Task instructions = From the entries below, write out exactly the lines between the line holding "1 - Celebration of Learning Conferences" and the line holding "Confirmation Class of", inclusive, excluding any pictures.

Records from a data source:
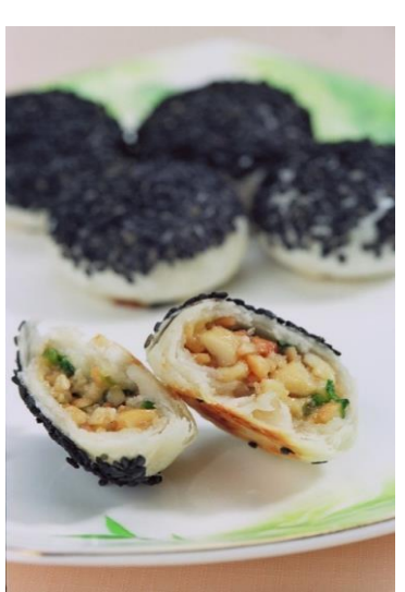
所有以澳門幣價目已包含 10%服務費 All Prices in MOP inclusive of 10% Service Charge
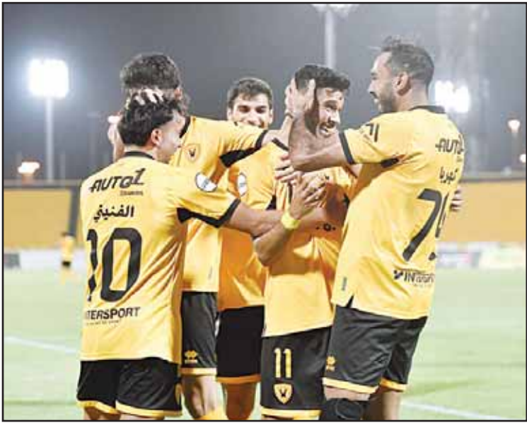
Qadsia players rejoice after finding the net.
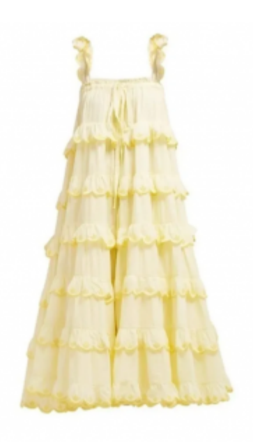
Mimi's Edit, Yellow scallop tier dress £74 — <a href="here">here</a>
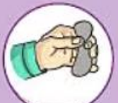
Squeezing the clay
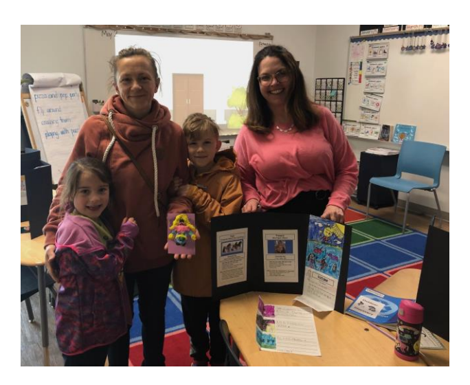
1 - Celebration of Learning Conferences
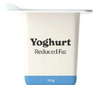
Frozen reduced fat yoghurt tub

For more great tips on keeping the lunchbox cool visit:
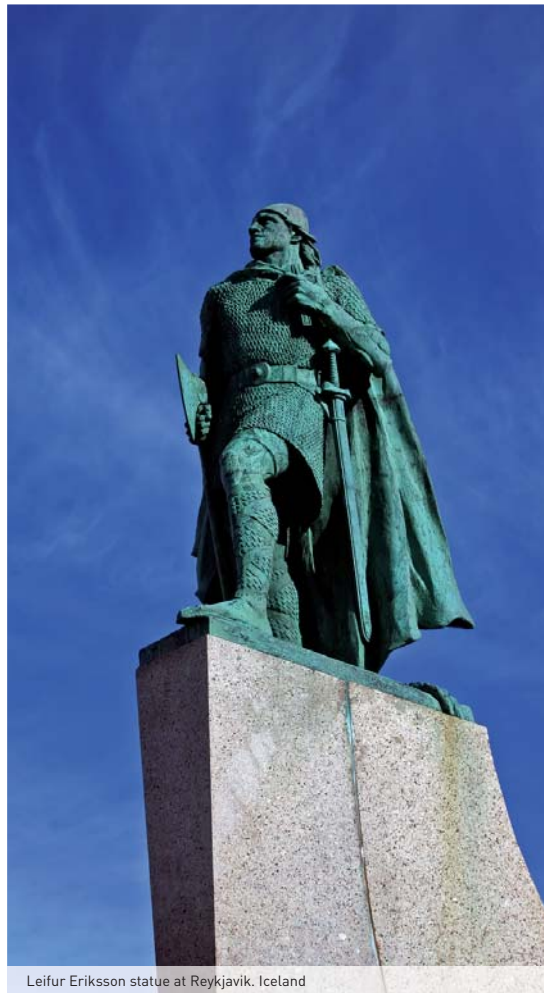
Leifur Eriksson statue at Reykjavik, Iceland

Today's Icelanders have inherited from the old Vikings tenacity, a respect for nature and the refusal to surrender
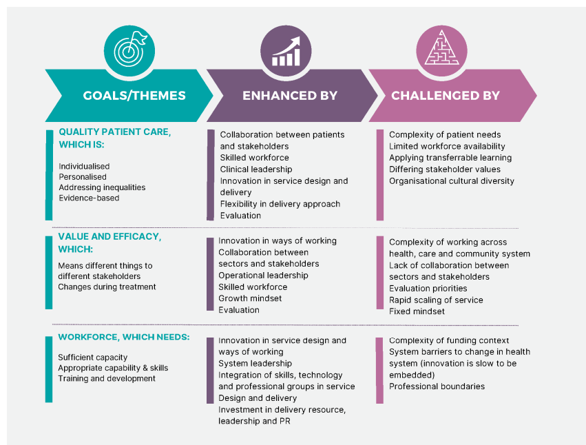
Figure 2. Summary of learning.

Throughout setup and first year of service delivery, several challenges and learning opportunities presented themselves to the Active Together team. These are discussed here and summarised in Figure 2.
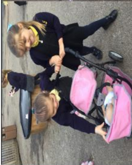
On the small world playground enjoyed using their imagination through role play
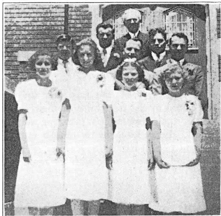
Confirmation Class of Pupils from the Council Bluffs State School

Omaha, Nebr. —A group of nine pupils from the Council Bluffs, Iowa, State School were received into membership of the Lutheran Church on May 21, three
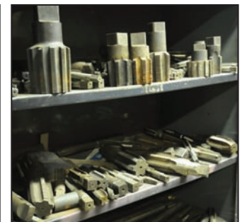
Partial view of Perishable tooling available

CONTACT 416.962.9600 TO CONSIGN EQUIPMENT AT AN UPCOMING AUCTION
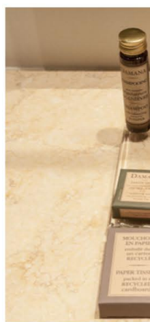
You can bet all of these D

Response for this exercise =
1 - Celebration of Learning Conferences
Frozen reduced fat yoghurt tub

For more great tips on keeping the lunchbox cool visit:
Leifur Eriksson statue at Reykjavik, Iceland

Today's Icelanders have inherited from the old Vikings tenacity, a respect for nature and the refusal to surrender
Figure 2. Summary of learning.

Throughout setup and first year of service delivery, several challenges and learning opportunities presented themselves to the Active Together team. These are discussed here and summarised in Figure 2.
On the small world playground enjoyed using their imagination through role play
Confirmation Class of Pupils from the Council Bluffs State School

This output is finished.